→ WORK REQUEST: Give the number of lines below that hold the string "Rotary", and nothing more.

*** Begin section ***

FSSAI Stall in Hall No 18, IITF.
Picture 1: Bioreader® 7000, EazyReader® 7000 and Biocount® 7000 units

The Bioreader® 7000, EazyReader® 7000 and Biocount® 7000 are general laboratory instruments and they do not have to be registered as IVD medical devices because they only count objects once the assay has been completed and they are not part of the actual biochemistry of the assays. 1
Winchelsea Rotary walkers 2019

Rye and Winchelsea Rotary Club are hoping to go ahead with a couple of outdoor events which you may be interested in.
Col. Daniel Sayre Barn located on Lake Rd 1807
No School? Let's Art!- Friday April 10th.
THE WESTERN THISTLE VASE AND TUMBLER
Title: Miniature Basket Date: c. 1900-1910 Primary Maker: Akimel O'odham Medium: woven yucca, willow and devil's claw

*** End section ***
*** Begin section ***

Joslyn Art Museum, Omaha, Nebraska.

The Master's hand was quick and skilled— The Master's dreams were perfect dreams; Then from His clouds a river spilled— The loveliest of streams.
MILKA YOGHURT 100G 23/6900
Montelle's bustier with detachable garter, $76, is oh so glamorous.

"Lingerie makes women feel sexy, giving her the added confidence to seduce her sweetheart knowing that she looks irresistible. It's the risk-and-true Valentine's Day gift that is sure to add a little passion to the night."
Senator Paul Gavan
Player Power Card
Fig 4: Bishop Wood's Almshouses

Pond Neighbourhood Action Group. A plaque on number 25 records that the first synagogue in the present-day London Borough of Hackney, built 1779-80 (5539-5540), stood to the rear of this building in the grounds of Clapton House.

*** End section ***

→ RESULT OF THIS EXERCISE: 2